Clarifying Purpose in Public Health Communications

By Joy Burks, Susan Spencer and Sarah Hamilton

Excerpted from O’Dwyer’s

Today’s public health advocacy landscape is faced with unprecedented challenges.

Rollbacks to prevention and equity programs, ideological attacks on science, workforce reductions and high-level resignations are leaving gaps in leadership and sowing confusion across the health system. The result: Companies, nonprofits, advocacy groups and academic institutions alike are struggling to chart a clear path forward.

In this environment, advancing your mission can feel like threading the tiniest of needles, where every move matters and missteps carry risk.

But moments like this can also sharpen purpose. With the right strategy, organizations can navigate turbulence, stay true to their values and remain trusted voices for public health. At Avoq, here’s how we’re helping clients do exactly that.

Silence speaks louder than you think

This isn’t the time to sit on the sidelines. Re-center on the health outcomes that are the foundation of your work—whether preventing chronic disease, expanding access to care or tackling inequities. This will likely require retooling your strategy and finding the right messaging to show your value in protecting community health.

If there’s organizational queasiness regarding moving off the sidelines, remember: You don’t have to weigh in on everything. Stay focused on demonstrating value to the community you serve and not getting caught up in broader criticisms that don’t relate directly to your mission. Then, when you do speak out, your message will carry that much more weight.
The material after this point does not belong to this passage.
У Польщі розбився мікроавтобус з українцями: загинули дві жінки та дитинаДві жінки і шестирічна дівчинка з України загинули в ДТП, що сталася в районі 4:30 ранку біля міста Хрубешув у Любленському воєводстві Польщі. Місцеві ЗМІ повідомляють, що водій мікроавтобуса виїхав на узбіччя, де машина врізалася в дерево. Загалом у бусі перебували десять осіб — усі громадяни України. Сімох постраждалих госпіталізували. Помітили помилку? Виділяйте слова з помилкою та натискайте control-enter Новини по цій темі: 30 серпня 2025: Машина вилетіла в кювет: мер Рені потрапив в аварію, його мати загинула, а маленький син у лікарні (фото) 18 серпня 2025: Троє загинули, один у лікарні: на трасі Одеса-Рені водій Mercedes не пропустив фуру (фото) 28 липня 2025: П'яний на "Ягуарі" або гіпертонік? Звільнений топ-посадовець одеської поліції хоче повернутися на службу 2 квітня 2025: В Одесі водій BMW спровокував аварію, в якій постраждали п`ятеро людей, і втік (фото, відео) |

Small wins still save lives

It’s easy to feel paralyzed in this environment. But even incremental wins add up to impact. Instead of focusing on how to stay out of the conversation, identify those moments when you have a strong reason to jump in. You may take some heat, but an across-the-board rejection of every policy won’t move the organization forward, nor will it ensure a seat at the table.
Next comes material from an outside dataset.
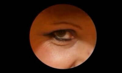 Blue eyed brunette enjoys sucking big pipe sticking out of glory hole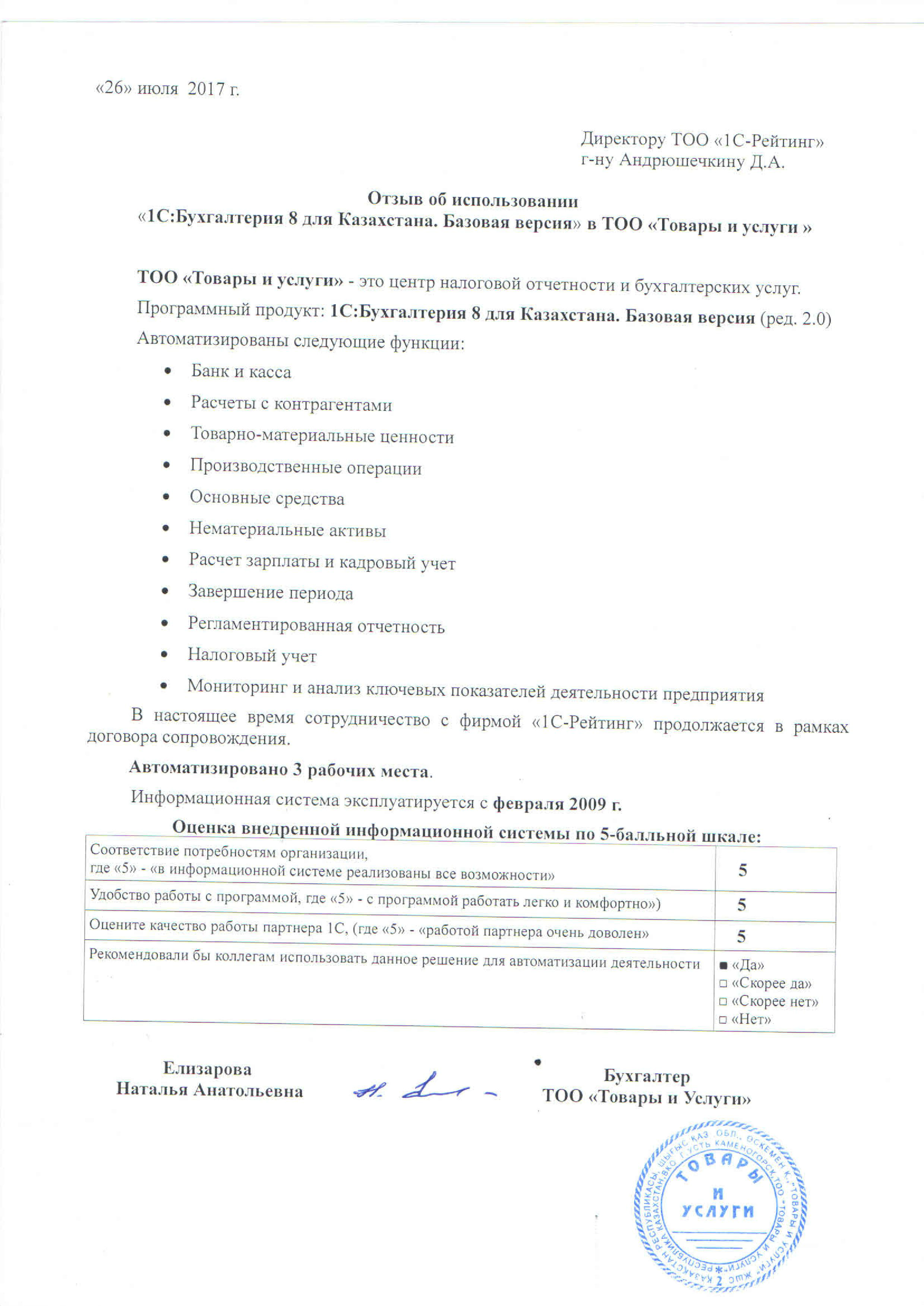 ТОО «Товары и Услуги»

Misinformation moves fast, so move faster

In public health, credibility and clarity aren’t luxuries—they save lives. In a moment when trust is under constant attack, the fundamentals of crisis communications take on new urgency. That means being ready before the next wave hits: having clear roles, decision-making processes and draft materials in place, as well as a shared understanding across teams of how to respond quickly and consistently. It also means protecting your most valuable asset—trust—by ensuring every message aligns with your mission and stands firmly on the facts.

Another fundamental: clear, streamlined communications. Too often, organizations in crisis situations find themselves playing Whac-A-Mole with the barrage of misinformation. It’s impossible to keep up. Being strategic about how and where you’re sharing information, making a statement and acting as a steady, credible voice is key.
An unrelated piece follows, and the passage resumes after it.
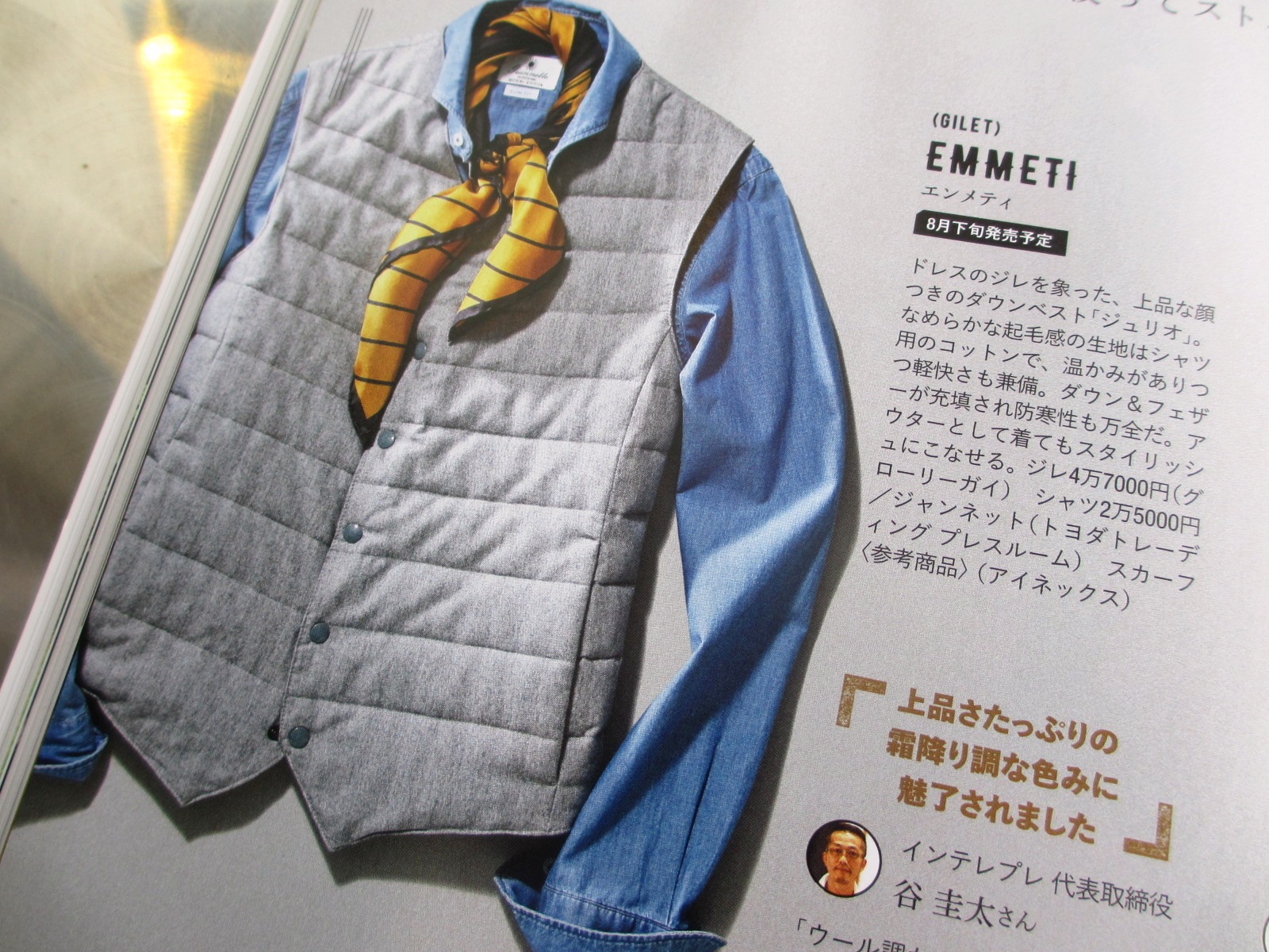 今月発売のMEN'S EX9月号(来月号は、いよいよ"お洒落道場"に登場です)、P103に掲載の【EMMETI/エンメティ】のダウンベスト「GIULIO/ジュリオ」。クレジットにグローリーガイの名があるだけに責任重大です。しっかり、ご案内します。

In public health, nobody wins alone

If ever there was a time for strategic partnerships, it’s today. Public health has always been powered by coalitions—from APHA to local alliances—because there’s strength in numbers. Allies give you additional reach in a vital moment and collective cover when it’s needed. Whether rallying together with like-minded organizations to co-author an op-ed, sign a statement or stand up a coalition, collaboration makes your messages stronger and harder to ignore.

Insight is power in public health

More than ever, navigating today’s turbulence requires a firm grounding in the policymaking currents that affect public health—appropriations for prevention, regulatory shifts in food and drug safety or debates over reproductive health. We often leverage our bipartisan government relations team to suss out what both sides are thinking and discussing—behind the screaming headlines and in the deal room—to develop insights that clients can use to reach their key audiences.

In today’s fractured environment, effective communication requires the three Cs: conviction, clarity and credibility. In public health, those aren’t just communications principles. They’re lifelines for communities that rely on trusted voices to protect health and advance equity. The needle might be tiny, but it can be threaded—and when it is, it saves lives.